According to another embodiment of the invention, the terminating step and the step of continuing the telecommunication service for the mobile station using the second base transceiver station can occur exclusive of any notification to the mobile station.

BRIEF DESCRIPTION OF THE DRAWINGS

FIG. 1 is a drawing that shows a conventional architecture of a wireless telecommunication system.

FIG. 2 is a block diagram that is useful for understanding a basic architecture of a wideband base transceiver station that includes adaptive antenna processing.

FIG. 3 is a drawing that is useful for understanding the handover process in a wireless telecommunication system.

FIG. 4 is a process flow diagram that is useful for understanding a handover process.

FIGS. 5
a and 5b are drawings that are useful for understanding a burst structure in a GSM base wireless telecommunication system.

FIG. 6 is a drawing that is useful for understanding an access burst in a GSM based wireless telecommunication system.

FIG. 7 is a flowchart that is useful for understanding a method for avoiding co-channel handovers.

FIG. 8 is a process flow diagram that is useful for understanding a method for performing a co-channel handover.

FIG. 9 is a variation of the method in FIG. 8 that shows a procedure for responding to a handover error scenario.

FIG. 10 is a variation of the method in FIG. 8 that shows a procedure for responding to a second handover error scenario.

FIG. 11 is a process flow diagram that is useful for understanding an alternative method for performing a co-channel handover.

FIG. 12 is a variation on the method in FIG. 11 that shows a procedure for responding to a handover error scenario.
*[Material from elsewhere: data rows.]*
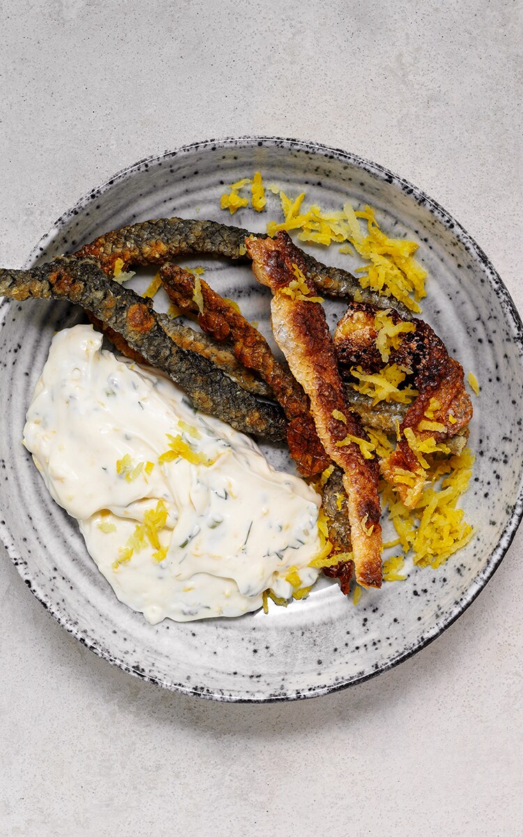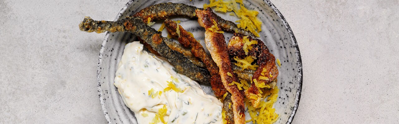- Sirve las pieles crujientes con la mayonesa de hierbas frescas.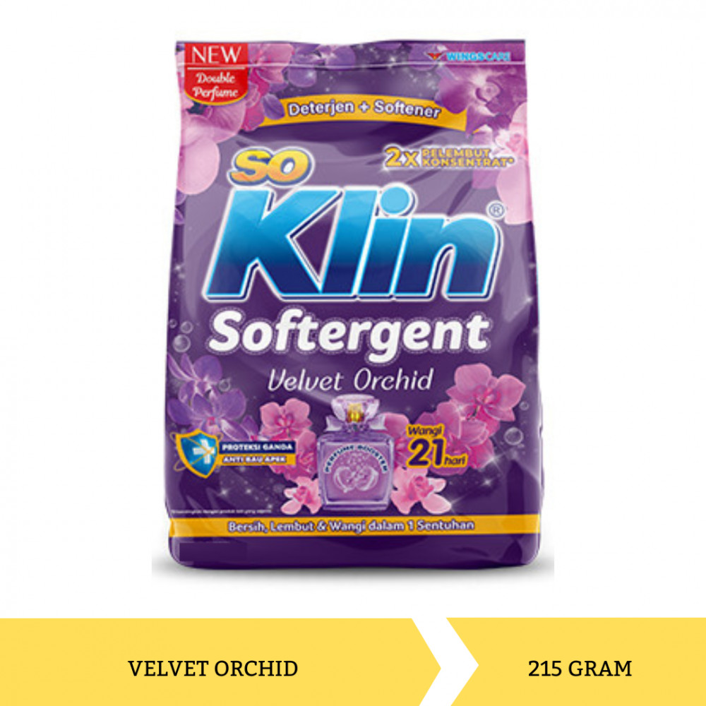 Rasakan kesegaran SOKLIN Deterjen Bubuk Velvet Orchid yang mampu menyegarkan pakaian keluarga dalam beraktivitas seharian. Pakaian menjadi bersih, lembut, dan wangi dalam satu sentuhan. So Klin Softergent merupakan solusi terbaik untuk mencuci secara ekonomis dan praktis. Pakaian menjadi bersih, 2x lebih lembut, & 2x lebih wangi.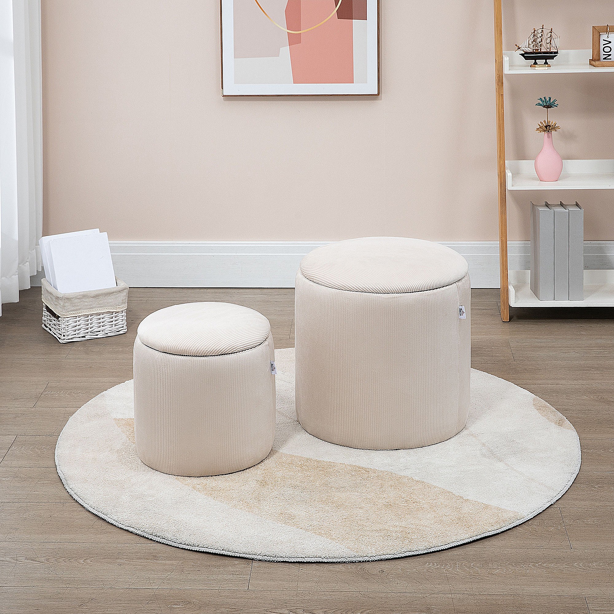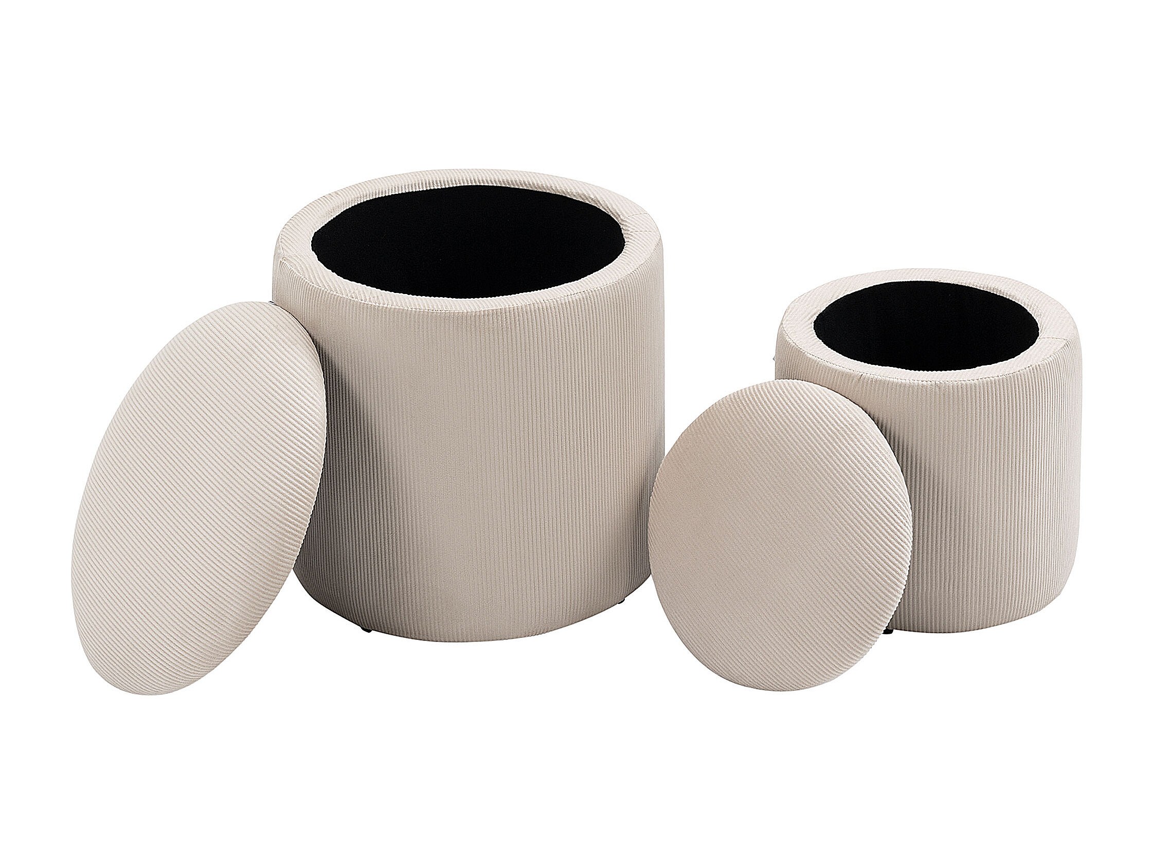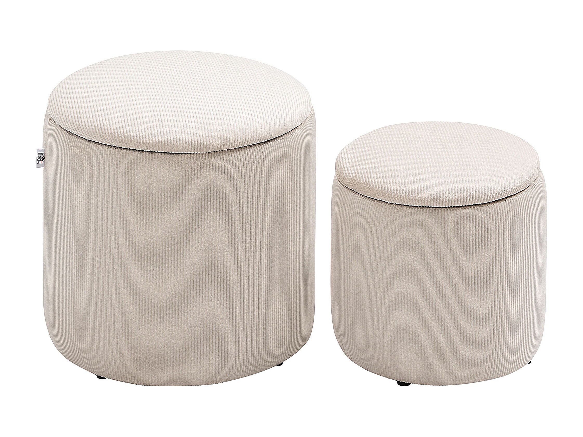 Lot de 2 poufs velours cotelé - poufs coffres 2 en 1 - poufs emboitables - Ø 40 et 30 cm - tissu crème

DETAILED DESCRIPTION OF THE PREFERRED EMBODIMENTS

FIG. 1 shows the architecture of a wireless mobile telecommunication system 100. The architecture shown is for a GSM based system. However, it should be understood that the inventive arrangements are not limited to use in GSM systems. Accordingly, the architecture shown is provided merely by way of example for better understanding the present invention. As shown in FIG. 1, a wireless mobile telecommunication system 100 based on the GSM standard can include a Mobile Station (MS) 102 that includes a Subscriber Identification Module (SIM) and the Mobile Equipment. The system also includes a Base Station Subsystem 104 that controls the radio link with the MS. A Network Subsystem 110 performs switching of calls. The Network Subsystem 110 can switch calls between mobile users, and between mobile users and wired network users. A primary component of the Network Subsystem 110 is the Mobile services Switching Center (MSC) 112. The MSC 112 connects calls within the GSM network and/or acts as a gateway to the Public Switched Telephone Network 114 or other networks.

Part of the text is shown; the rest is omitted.